"""
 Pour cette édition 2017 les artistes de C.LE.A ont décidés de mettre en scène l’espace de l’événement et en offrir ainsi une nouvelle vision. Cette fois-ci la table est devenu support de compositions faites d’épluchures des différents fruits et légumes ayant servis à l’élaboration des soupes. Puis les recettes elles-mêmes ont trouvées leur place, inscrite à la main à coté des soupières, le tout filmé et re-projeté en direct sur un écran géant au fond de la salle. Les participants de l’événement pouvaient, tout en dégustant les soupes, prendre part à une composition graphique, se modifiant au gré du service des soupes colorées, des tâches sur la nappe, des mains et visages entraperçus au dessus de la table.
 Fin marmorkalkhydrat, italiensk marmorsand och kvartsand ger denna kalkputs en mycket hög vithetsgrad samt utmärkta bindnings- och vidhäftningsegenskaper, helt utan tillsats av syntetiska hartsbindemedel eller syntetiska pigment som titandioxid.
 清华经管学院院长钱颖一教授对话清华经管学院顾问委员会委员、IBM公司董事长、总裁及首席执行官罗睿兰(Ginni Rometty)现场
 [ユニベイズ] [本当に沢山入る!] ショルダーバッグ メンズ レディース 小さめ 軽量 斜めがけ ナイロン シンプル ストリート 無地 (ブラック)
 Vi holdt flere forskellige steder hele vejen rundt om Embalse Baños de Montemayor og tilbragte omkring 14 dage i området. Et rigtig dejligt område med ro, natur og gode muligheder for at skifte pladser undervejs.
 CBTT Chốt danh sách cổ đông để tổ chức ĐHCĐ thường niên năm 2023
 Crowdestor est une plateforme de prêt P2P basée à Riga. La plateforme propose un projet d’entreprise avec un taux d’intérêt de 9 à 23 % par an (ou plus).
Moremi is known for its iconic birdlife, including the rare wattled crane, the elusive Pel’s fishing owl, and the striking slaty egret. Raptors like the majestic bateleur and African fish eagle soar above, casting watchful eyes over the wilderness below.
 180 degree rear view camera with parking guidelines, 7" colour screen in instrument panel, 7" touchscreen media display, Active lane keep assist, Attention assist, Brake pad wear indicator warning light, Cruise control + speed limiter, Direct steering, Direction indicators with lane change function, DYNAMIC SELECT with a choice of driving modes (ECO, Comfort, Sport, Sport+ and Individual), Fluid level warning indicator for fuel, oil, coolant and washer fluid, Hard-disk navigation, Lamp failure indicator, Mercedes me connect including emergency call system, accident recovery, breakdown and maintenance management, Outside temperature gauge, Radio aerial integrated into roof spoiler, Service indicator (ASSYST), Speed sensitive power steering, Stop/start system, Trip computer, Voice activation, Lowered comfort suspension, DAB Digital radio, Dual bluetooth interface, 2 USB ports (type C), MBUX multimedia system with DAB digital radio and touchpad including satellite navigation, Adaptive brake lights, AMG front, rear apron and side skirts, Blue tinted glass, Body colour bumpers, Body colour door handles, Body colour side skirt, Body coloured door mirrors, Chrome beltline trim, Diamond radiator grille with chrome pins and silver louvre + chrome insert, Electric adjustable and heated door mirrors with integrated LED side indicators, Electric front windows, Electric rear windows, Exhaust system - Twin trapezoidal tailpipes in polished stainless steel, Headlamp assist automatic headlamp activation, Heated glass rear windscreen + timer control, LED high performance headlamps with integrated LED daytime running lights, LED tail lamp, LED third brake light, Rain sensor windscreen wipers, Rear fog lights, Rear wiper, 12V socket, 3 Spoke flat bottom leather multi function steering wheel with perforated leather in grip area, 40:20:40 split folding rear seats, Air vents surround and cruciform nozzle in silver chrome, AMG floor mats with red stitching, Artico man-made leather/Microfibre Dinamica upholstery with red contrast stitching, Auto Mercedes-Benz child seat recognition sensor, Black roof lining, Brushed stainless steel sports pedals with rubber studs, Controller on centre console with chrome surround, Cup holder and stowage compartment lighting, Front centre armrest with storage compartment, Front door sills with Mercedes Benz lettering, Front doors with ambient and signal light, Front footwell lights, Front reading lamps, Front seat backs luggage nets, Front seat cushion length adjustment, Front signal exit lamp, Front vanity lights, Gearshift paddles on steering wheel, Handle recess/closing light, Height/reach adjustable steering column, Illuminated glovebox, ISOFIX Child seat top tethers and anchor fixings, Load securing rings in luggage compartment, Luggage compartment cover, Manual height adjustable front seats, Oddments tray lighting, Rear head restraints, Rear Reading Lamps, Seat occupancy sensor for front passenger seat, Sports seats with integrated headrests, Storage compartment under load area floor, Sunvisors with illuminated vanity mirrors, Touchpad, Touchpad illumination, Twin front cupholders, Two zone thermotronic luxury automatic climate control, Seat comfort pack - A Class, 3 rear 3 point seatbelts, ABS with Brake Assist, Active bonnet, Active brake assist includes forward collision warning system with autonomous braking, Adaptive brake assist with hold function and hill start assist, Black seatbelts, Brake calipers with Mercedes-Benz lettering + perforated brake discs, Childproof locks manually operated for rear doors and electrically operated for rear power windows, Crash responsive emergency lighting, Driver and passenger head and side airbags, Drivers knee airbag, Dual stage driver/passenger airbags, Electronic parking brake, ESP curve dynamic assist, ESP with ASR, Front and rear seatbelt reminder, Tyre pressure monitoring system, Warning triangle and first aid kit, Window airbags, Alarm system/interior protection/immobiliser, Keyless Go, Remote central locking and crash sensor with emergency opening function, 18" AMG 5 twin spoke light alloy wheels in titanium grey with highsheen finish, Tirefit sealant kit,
"""
▶ Work to complete
The answer should consist of every entry, repeated word for word.

▶ Response to this exercise
 Pour cette édition 2017 les artistes de C.LE.A ont décidés de mettre en scène l’espace de l’événement et en offrir ainsi une nouvelle vision. Cette fois-ci la table est devenu support de compositions faites d’épluchures des différents fruits et légumes ayant servis à l’élaboration des soupes. Puis les recettes elles-mêmes ont trouvées leur place, inscrite à la main à coté des soupières, le tout filmé et re-projeté en direct sur un écran géant au fond de la salle. Les participants de l’événement pouvaient, tout en dégustant les soupes, prendre part à une composition graphique, se modifiant au gré du service des soupes colorées, des tâches sur la nappe, des mains et visages entraperçus au dessus de la table.
 Fin marmorkalkhydrat, italiensk marmorsand och kvartsand ger denna kalkputs en mycket hög vithetsgrad samt utmärkta bindnings- och vidhäftningsegenskaper, helt utan tillsats av syntetiska hartsbindemedel eller syntetiska pigment som titandioxid.
 清华经管学院院长钱颖一教授对话清华经管学院顾问委员会委员、IBM公司董事长、总裁及首席执行官罗睿兰(Ginni Rometty)现场
 [ユニベイズ] [本当に沢山入る!] ショルダーバッグ メンズ レディース 小さめ 軽量 斜めがけ ナイロン シンプル ストリート 無地 (ブラック)
 Vi holdt flere forskellige steder hele vejen rundt om Embalse Baños de Montemayor og tilbragte omkring 14 dage i området. Et rigtig dejligt område med ro, natur og gode muligheder for at skifte pladser undervejs.
 CBTT Chốt danh sách cổ đông để tổ chức ĐHCĐ thường niên năm 2023
 Crowdestor est une plateforme de prêt P2P basée à Riga. La plateforme propose un projet d’entreprise avec un taux d’intérêt de 9 à 23 % par an (ou plus).
Moremi is known for its iconic birdlife, including the rare wattled crane, the elusive Pel’s fishing owl, and the striking slaty egret. Raptors like the majestic bateleur and African fish eagle soar above, casting watchful eyes over the wilderness below.
 180 degree rear view camera with parking guidelines, 7" colour screen in instrument panel, 7" touchscreen media display, Active lane keep assist, Attention assist, Brake pad wear indicator warning light, Cruise control + speed limiter, Direct steering, Direction indicators with lane change function, DYNAMIC SELECT with a choice of driving modes (ECO, Comfort, Sport, Sport+ and Individual), Fluid level warning indicator for fuel, oil, coolant and washer fluid, Hard-disk navigation, Lamp failure indicator, Mercedes me connect including emergency call system, accident recovery, breakdown and maintenance management, Outside temperature gauge, Radio aerial integrated into roof spoiler, Service indicator (ASSYST), Speed sensitive power steering, Stop/start system, Trip computer, Voice activation, Lowered comfort suspension, DAB Digital radio, Dual bluetooth interface, 2 USB ports (type C), MBUX multimedia system with DAB digital radio and touchpad including satellite navigation, Adaptive brake lights, AMG front, rear apron and side skirts, Blue tinted glass, Body colour bumpers, Body colour door handles, Body colour side skirt, Body coloured door mirrors, Chrome beltline trim, Diamond radiator grille with chrome pins and silver louvre + chrome insert, Electric adjustable and heated door mirrors with integrated LED side indicators, Electric front windows, Electric rear windows, Exhaust system - Twin trapezoidal tailpipes in polished stainless steel, Headlamp assist automatic headlamp activation, Heated glass rear windscreen + timer control, LED high performance headlamps with integrated LED daytime running lights, LED tail lamp, LED third brake light, Rain sensor windscreen wipers, Rear fog lights, Rear wiper, 12V socket, 3 Spoke flat bottom leather multi function steering wheel with perforated leather in grip area, 40:20:40 split folding rear seats, Air vents surround and cruciform nozzle in silver chrome, AMG floor mats with red stitching, Artico man-made leather/Microfibre Dinamica upholstery with red contrast stitching, Auto Mercedes-Benz child seat recognition sensor, Black roof lining, Brushed stainless steel sports pedals with rubber studs, Controller on centre console with chrome surround, Cup holder and stowage compartment lighting, Front centre armrest with storage compartment, Front door sills with Mercedes Benz lettering, Front doors with ambient and signal light, Front footwell lights, Front reading lamps, Front seat backs luggage nets, Front seat cushion length adjustment, Front signal exit lamp, Front vanity lights, Gearshift paddles on steering wheel, Handle recess/closing light, Height/reach adjustable steering column, Illuminated glovebox, ISOFIX Child seat top tethers and anchor fixings, Load securing rings in luggage compartment, Luggage compartment cover, Manual height adjustable front seats, Oddments tray lighting, Rear head restraints, Rear Reading Lamps, Seat occupancy sensor for front passenger seat, Sports seats with integrated headrests, Storage compartment under load area floor, Sunvisors with illuminated vanity mirrors, Touchpad, Touchpad illumination, Twin front cupholders, Two zone thermotronic luxury automatic climate control, Seat comfort pack - A Class, 3 rear 3 point seatbelts, ABS with Brake Assist, Active bonnet, Active brake assist includes forward collision warning system with autonomous braking, Adaptive brake assist with hold function and hill start assist, Black seatbelts, Brake calipers with Mercedes-Benz lettering + perforated brake discs, Childproof locks manually operated for rear doors and electrically operated for rear power windows, Crash responsive emergency lighting, Driver and passenger head and side airbags, Drivers knee airbag, Dual stage driver/passenger airbags, Electronic parking brake, ESP curve dynamic assist, ESP with ASR, Front and rear seatbelt reminder, Tyre pressure monitoring system, Warning triangle and first aid kit, Window airbags, Alarm system/interior protection/immobiliser, Keyless Go, Remote central locking and crash sensor with emergency opening function, 18" AMG 5 twin spoke light alloy wheels in titanium grey with highsheen finish, Tirefit sealant kit,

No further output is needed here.